Scenes during Genoa’s defeat to Siena at the weekend saw football’s chattering classes united in their condemnation of the struggling Serie A side’s Ultras who, shamed by the performance of their XI took the game hostage. Their demands: the shirts from the players’ backs.
Putting aside the general stupidity of firework flinging, football fans the world over will be forgiven a moment of guilty satisfaction at the fleeting shift in power from millionaires - in shorts and in boardrooms - to the terraces.
Now, flexing their muscles in this way is a pathetic and flouncy
response to a poor run of form, and Genoa’s Ultras are more than worthy of the
scorn pool in which they currently swim. But among modern football’s dejected
voyeurs across Europe, you may yet spot an envious glance towards the direct action fan-power of the Ultras.
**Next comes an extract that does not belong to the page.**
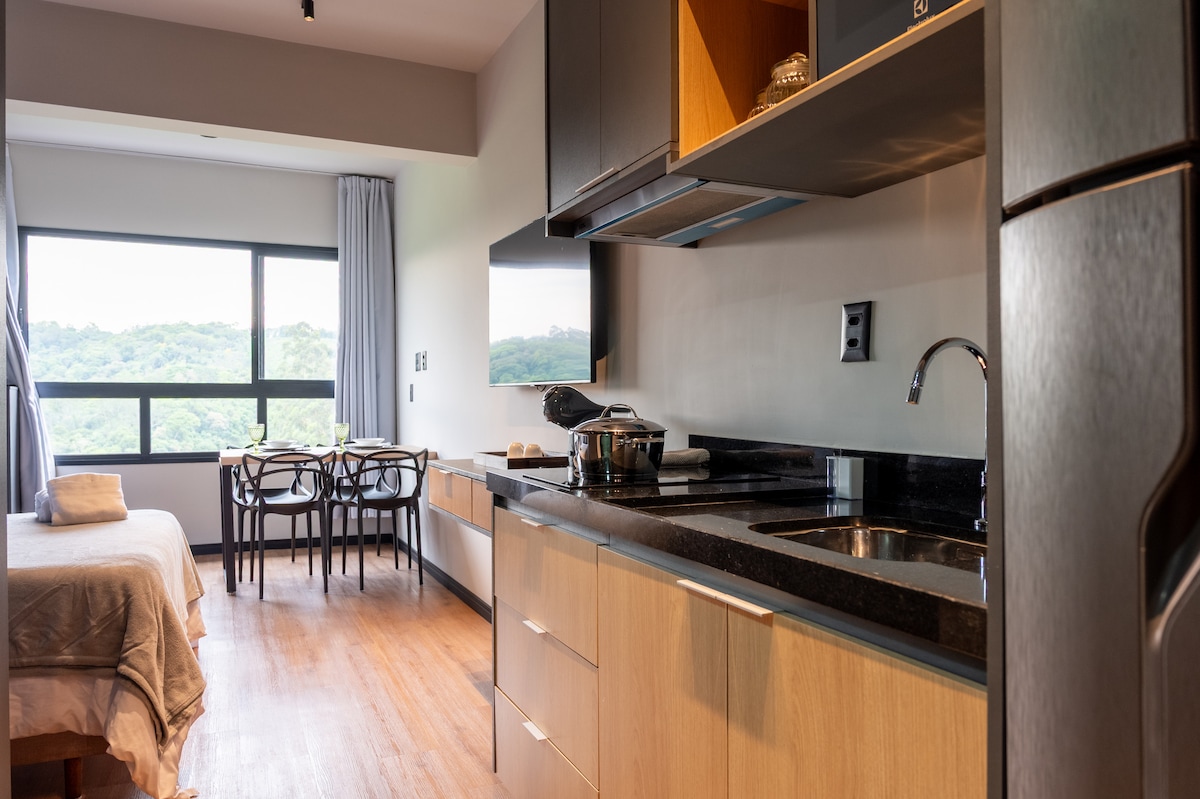 New flat! Modern and Cozy Professional hotel service. 200 meters from the José Correa Gymnasium. Restaurants, open mall, markets and shops nearby 3 km from Alphaville Kitchen equipped with crockery, pans, cutlery, microwave, minibar, grill, induction stove and Nespresso coffee maker. Excellent quality bed and bath linen. New queen bed, 200 thread count sheets with a satin touch, goose down and Nasa pillows. Parking space and 300Mbps wifi included.

Subcultural exchange across European football terraces is
nothing new. 20th Century examples include Liverpool fans returning
bedecked in looted Italian and French leisurewear from their European travels
in the 70s and 80s - igniting England’s casual movement. In
Manchester, City fans regularly bounce to the Poznan while United fans rarely
return from Europe without a new ditty for football league clubs throughout the
land to rip-off ad infinitum.
During a pre-season Luton friendly vs Ajax a few years
ago I stood among visiting Dutchmen (enduring a mini-tour before their Emirates
Cup duties down the M1) sporting Burberry caps and singing songs in English, seemingly
at ease with our particularly refined brand of Bedfordshire banter.
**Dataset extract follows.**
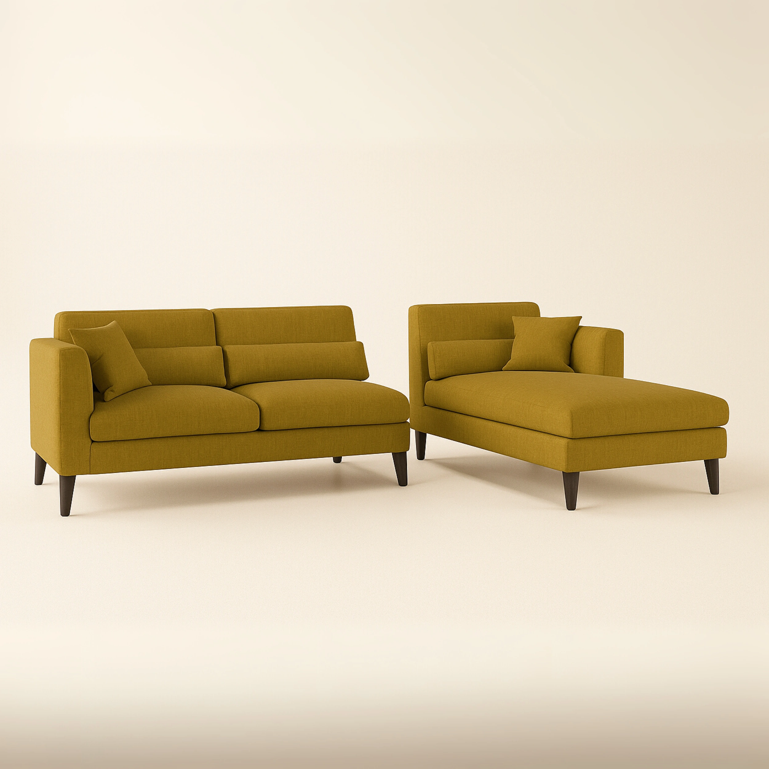 Tapered solid wood legs with a dark walnut finish – stable and adds contrast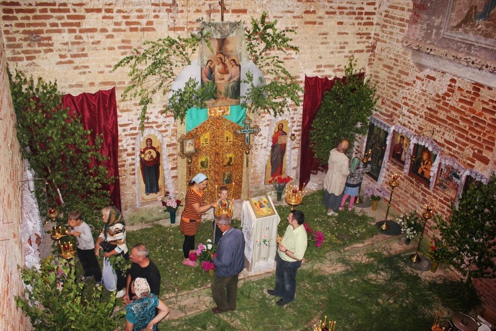 На престольный праздник приехали гости из Москвы. Тех, кто принимает участие в судьбе возрождающейся Троицкой церкви, в этот день соединила общая молитва за литургией, а затем все вместе собрались на праздничную трапезу, сообщает сайт храма Девяти мучеников Кизических.

In England - and specifically Luton pubs - we often dream,
misty eyed, of the collapse of the modern game as the foundations of the
Premier League’s corporate castles sink further into their sandpits of debt and
deceit - while supporters groups lay in wait to save the day.
More than once at Luton we’ve ousted dodgy owners with organised
supporter campaigns to withhold season ticket money. At one stage it looked set
to become an annual activity. And the following season or so the terraces saw the
customary flurry of ultra-esque branding appear - the flags, T shirts, website, facebook
group...
At FC United they call it punk
football and I don’t know what they call it at Ebbsfleet, but down in the Conference
you are never more than a fixture or two away from some incarnation of the
Ultra aesthetic on the terraces - Latin slogans blazed across flags made in
Yorkshire. Ultra culture has become the calling card of football's downtrodden.
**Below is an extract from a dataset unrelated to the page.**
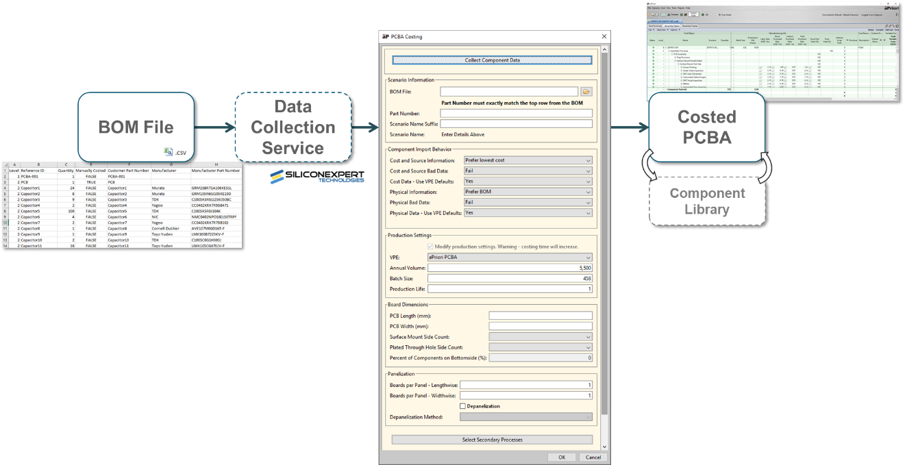 To cost a PCBA, aPriori requires these inputs:

While the coming UEFA regulations and recent events at Ibrox
seem to signpost a future of realistic ambitions and financial fair play, as
supporters we look enviously at direct attempts to force football’s powerful
few to recognise that it is us, the supporters that really count.
Trading songs and knock-off jackets aside, more and more estranged supporters now look to Germany
and the seemingly bygone utopia of cheap tickets, standing areas and a future
of fan owned clubs that many are currently enjoying in the Bundesliga.
While we secretly dream of an Ultra revolution to take
back the game for ordinary supporters, it’s got to be the slightly less firework-y
German model that we aim for. Even if we do it wearing Italian Jackets,
singing Spanish songs and doing a Polish dance.